Malady and the Doctor looked to the top of the staircase at the sound of the first shot.

A moment later, it was clear there was a firefight going on downstairs, between Jaxa and Roja and the British special forces.

It wasn’t so clear who was winning.

The Doctor was getting to his feet. Malady pulled him down.

‘No. Stay put.’

They were half hidden here, able to get a good look at anyone coming up the stairs without being immediately obvious to them. A moment later, her instincts were proved right. Roja came running up the stairs. His face was covered in a balaclava‐like hood. He was carrying another raygun. He was clearly in retreat.

Malady waited a moment, until she was sure that Jaxa wasn’t right behind him. As she moved to stand, this time, the Doctor pulled her down.

She thought he was trying to stop her shooting, but he was just waiting until the boy was nearer. Roja wasn’t looking for them – he’d obviously forgotten his mission. Something had distracted him. Given the gunfire a moment before, and the absence of Jaxa, it wasn’t too hard to guess what.

The boy stumbled straight past them.

Malady and the Doctor leaped out, as if they’d practised the move together. Malady grabbed the boy, the Doctor twisted the gun out of his hand.

The Doctor yanked the hood off.

The boy’s eyes were red with crying, his nose was running.

‘Get off me!’ he shouted, but he just wasn’t strong enough to put up much of a struggle.

They could hear clattering footsteps coming up the stairs.

‘Cosgrove’s men,’ the Doctor said, lifting something from the boy’s belt, a silver tube.

He examined it, then twisted the end. A control panel unfolded, Malady wasn’t quite sure how.

‘Simple enough controls.’ The Doctor grabbed his lapels. Now, Roja, what was your mission?’

‘I’m to take you back to Sabbath.’

‘Ah… Sabbath. You’re one of his, are you? What’s your story, then?’

‘I’m his Cabin Boy.’

‘Yes, of course you are. Just his style. You do realise you don’t exist, don’t you? It was Tom the cabin boy. There was no one on the Black Pig called Staines or Bates. There was a Barnabas, and a first mate who didn’t have a name, but –’

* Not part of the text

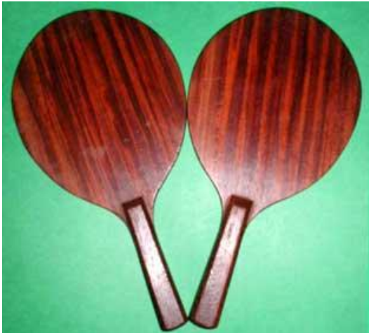
FEATURED BATS: Pair of Mahogany bats, c.1902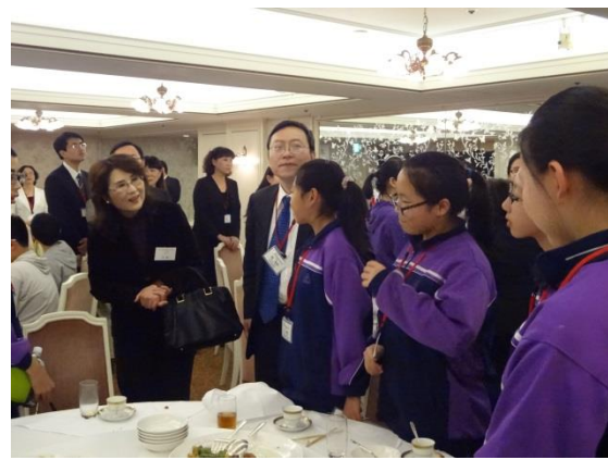
4月14日 歓迎会 汪婉中華人民共和国駐日本国大使館友好交流部参事官が団員と談笑（東京都）

‘Doctor, what are you talking about?’ Malady asked.

‘If you don’t exist,’ the Doctor said, ‘you make the perfect agent, don’t you? Not so easy to catch. Impossible to kill.’

‘I exist. Let me go and I’ll show you I exist.’

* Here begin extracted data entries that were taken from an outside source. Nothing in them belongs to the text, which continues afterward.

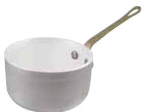
Casseruola alta Saucepan Stielkasserole, hoch Casserole haute Cazo recto alto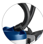
Attacco tubo flessibile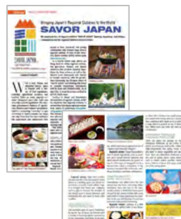
内閣府政府広報室海外広報 (Highlighting Japan 2022年6月号)

‘And how would you do that?’

‘I’d hit you. Then I’d show you.’

‘Is that how we’re to justify our existence in the new order? By how hard we can hit people?’

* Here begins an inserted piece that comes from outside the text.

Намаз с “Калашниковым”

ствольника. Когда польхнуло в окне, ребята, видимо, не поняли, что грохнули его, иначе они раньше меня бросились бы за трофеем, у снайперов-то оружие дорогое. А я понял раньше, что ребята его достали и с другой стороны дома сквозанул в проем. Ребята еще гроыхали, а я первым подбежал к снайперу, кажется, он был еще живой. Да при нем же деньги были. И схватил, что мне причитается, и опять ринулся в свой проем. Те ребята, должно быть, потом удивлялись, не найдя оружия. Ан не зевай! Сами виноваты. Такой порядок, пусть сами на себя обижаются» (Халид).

‘You can see me,’ Roja said. ‘So I exist.’

‘People see all sorts of things, don’t they?’

‘I exist. I exist. People remember me.’

‘They think so therefore you are?’ The Doctor shook his head. ‘I’m sorry, but it doesn’t work like that.’

Malady was shaking her head. ‘I don’t understand a word of this.’

The Doctor smiled. ‘English pop culture, Malady, don’t worry about it. Just another bit of misplaced self‐aware seventies nostalgia with no place in the twenty‐first century.’ He twisted the top of the silver tube and the controls furled up and slotted themselves back in place.

‘Time to go.’ He squeezed the end of the time machine, just remembering to grab Malady’s hand at the last moment.

Cosgrove and Stevens arrived a moment later to find Roja yelling into thin air.

‘I exist! I do! Come back! I exist!’

Cosgrove blew the back of his head off with a single shot.

‘No need to shout about it,’ Cosgrove told him quietly.